◆ What you have to do
The whole listing below should be printed again exactly, with no images.

◆ Provided data
^^^^^^^^^^^^^^^^

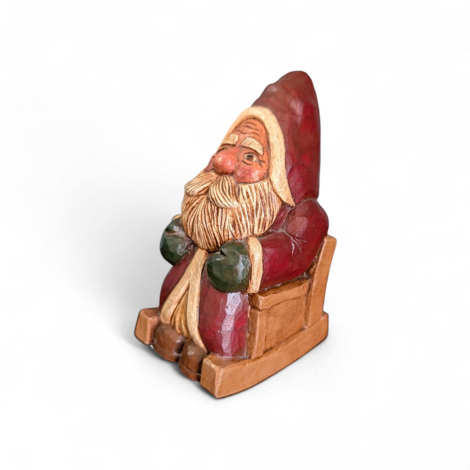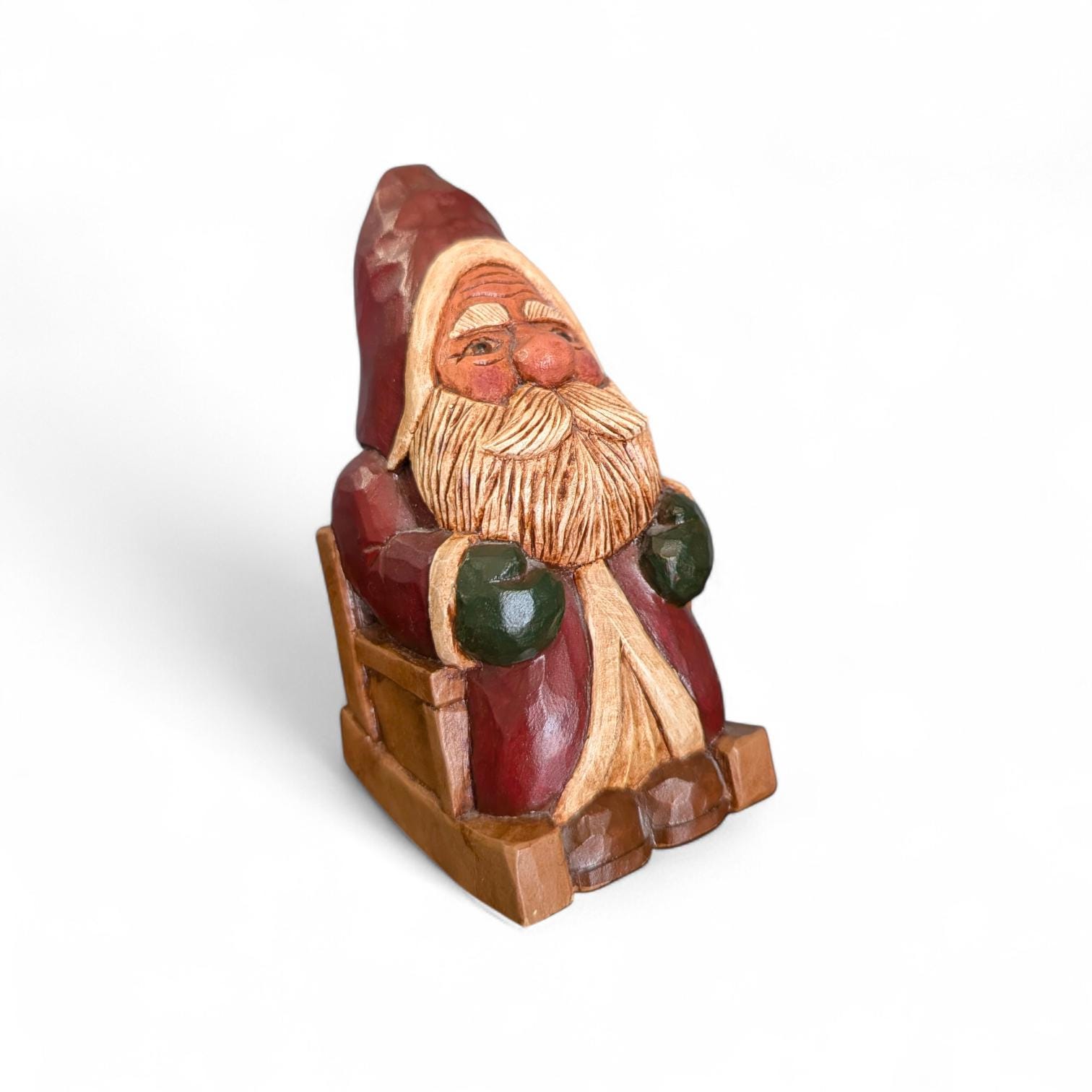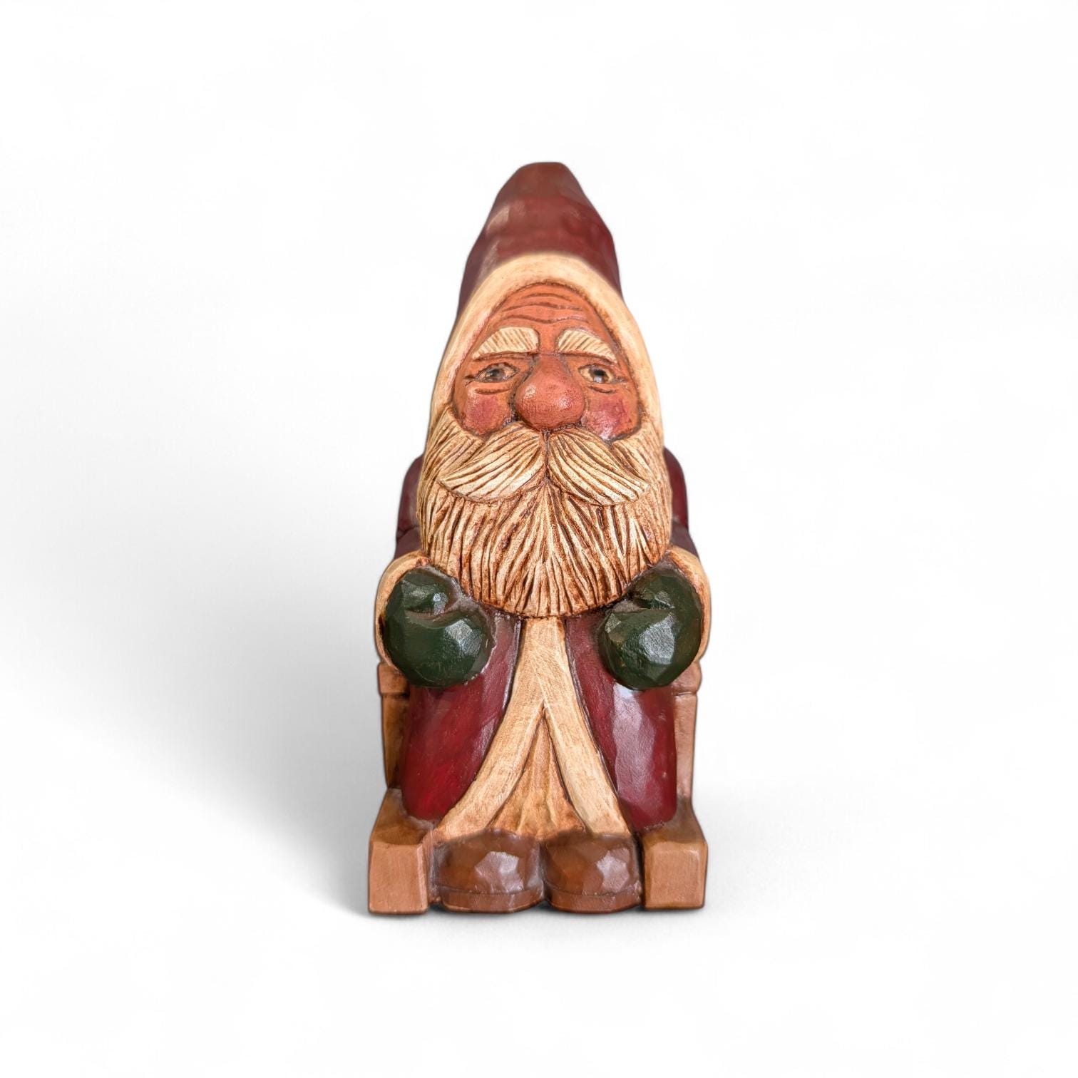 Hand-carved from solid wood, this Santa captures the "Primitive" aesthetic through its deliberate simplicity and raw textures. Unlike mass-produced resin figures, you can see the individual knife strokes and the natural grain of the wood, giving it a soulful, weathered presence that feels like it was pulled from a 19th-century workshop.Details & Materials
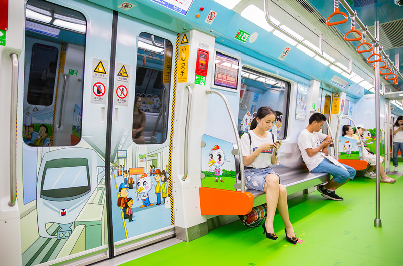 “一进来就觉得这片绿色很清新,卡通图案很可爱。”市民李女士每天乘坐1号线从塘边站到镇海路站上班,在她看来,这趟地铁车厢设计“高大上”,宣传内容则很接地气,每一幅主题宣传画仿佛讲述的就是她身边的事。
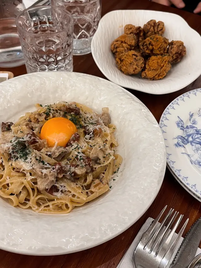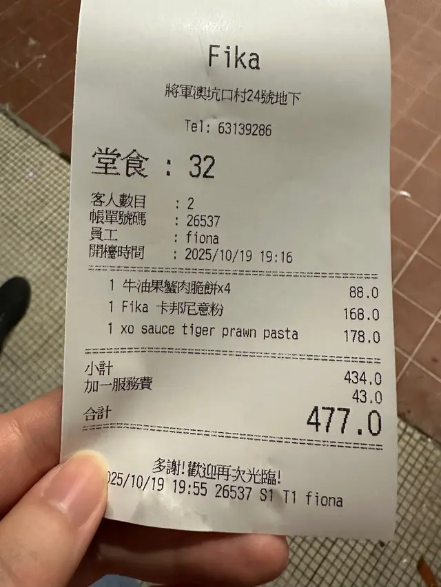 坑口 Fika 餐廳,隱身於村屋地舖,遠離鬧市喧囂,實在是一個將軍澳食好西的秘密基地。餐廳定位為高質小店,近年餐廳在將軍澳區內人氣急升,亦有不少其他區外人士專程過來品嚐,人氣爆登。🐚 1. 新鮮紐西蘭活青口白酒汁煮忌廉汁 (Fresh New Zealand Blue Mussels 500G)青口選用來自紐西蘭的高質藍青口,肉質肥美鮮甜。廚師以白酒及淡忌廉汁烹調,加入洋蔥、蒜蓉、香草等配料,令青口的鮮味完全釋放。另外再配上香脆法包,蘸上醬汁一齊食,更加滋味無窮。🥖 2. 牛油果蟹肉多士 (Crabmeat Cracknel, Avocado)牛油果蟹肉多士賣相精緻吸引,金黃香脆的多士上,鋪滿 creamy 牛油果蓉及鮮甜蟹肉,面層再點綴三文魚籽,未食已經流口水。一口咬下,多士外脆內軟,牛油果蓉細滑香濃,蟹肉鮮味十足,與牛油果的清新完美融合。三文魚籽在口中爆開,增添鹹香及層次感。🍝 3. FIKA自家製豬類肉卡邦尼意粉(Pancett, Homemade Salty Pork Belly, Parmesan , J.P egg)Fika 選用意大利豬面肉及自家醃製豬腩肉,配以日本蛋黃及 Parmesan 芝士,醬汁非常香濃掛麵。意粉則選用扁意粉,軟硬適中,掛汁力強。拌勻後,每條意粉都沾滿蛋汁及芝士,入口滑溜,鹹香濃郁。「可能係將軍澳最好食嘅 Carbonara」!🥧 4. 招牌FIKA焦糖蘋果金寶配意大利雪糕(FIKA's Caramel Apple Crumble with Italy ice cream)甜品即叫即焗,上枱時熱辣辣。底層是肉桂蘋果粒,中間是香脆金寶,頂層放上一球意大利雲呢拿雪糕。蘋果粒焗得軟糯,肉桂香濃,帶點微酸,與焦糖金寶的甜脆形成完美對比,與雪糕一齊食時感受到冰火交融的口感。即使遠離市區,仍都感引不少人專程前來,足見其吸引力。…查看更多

^^^^^^^^^^^^^^^^

◆ Answer to this problem
 Hand-carved from solid wood, this Santa captures the "Primitive" aesthetic through its deliberate simplicity and raw textures. Unlike mass-produced resin figures, you can see the individual knife strokes and the natural grain of the wood, giving it a soulful, weathered presence that feels like it was pulled from a 19th-century workshop.Details & Materials
 “一进来就觉得这片绿色很清新,卡通图案很可爱。”市民李女士每天乘坐1号线从塘边站到镇海路站上班,在她看来,这趟地铁车厢设计“高大上”,宣传内容则很接地气,每一幅主题宣传画仿佛讲述的就是她身边的事。
 坑口 Fika 餐廳,隱身於村屋地舖,遠離鬧市喧囂,實在是一個將軍澳食好西的秘密基地。餐廳定位為高質小店,近年餐廳在將軍澳區內人氣急升,亦有不少其他區外人士專程過來品嚐,人氣爆登。🐚 1. 新鮮紐西蘭活青口白酒汁煮忌廉汁 (Fresh New Zealand Blue Mussels 500G)青口選用來自紐西蘭的高質藍青口,肉質肥美鮮甜。廚師以白酒及淡忌廉汁烹調,加入洋蔥、蒜蓉、香草等配料,令青口的鮮味完全釋放。另外再配上香脆法包,蘸上醬汁一齊食,更加滋味無窮。🥖 2. 牛油果蟹肉多士 (Crabmeat Cracknel, Avocado)牛油果蟹肉多士賣相精緻吸引,金黃香脆的多士上,鋪滿 creamy 牛油果蓉及鮮甜蟹肉,面層再點綴三文魚籽,未食已經流口水。一口咬下,多士外脆內軟,牛油果蓉細滑香濃,蟹肉鮮味十足,與牛油果的清新完美融合。三文魚籽在口中爆開,增添鹹香及層次感。🍝 3. FIKA自家製豬類肉卡邦尼意粉(Pancett, Homemade Salty Pork Belly, Parmesan , J.P egg)Fika 選用意大利豬面肉及自家醃製豬腩肉,配以日本蛋黃及 Parmesan 芝士,醬汁非常香濃掛麵。意粉則選用扁意粉,軟硬適中,掛汁力強。拌勻後,每條意粉都沾滿蛋汁及芝士,入口滑溜,鹹香濃郁。「可能係將軍澳最好食嘅 Carbonara」!🥧 4. 招牌FIKA焦糖蘋果金寶配意大利雪糕(FIKA's Caramel Apple Crumble with Italy ice cream)甜品即叫即焗,上枱時熱辣辣。底層是肉桂蘋果粒,中間是香脆金寶,頂層放上一球意大利雲呢拿雪糕。蘋果粒焗得軟糯,肉桂香濃,帶點微酸,與焦糖金寶的甜脆形成完美對比,與雪糕一齊食時感受到冰火交融的口感。即使遠離市區,仍都感引不少人專程前來,足見其吸引力。…查看更多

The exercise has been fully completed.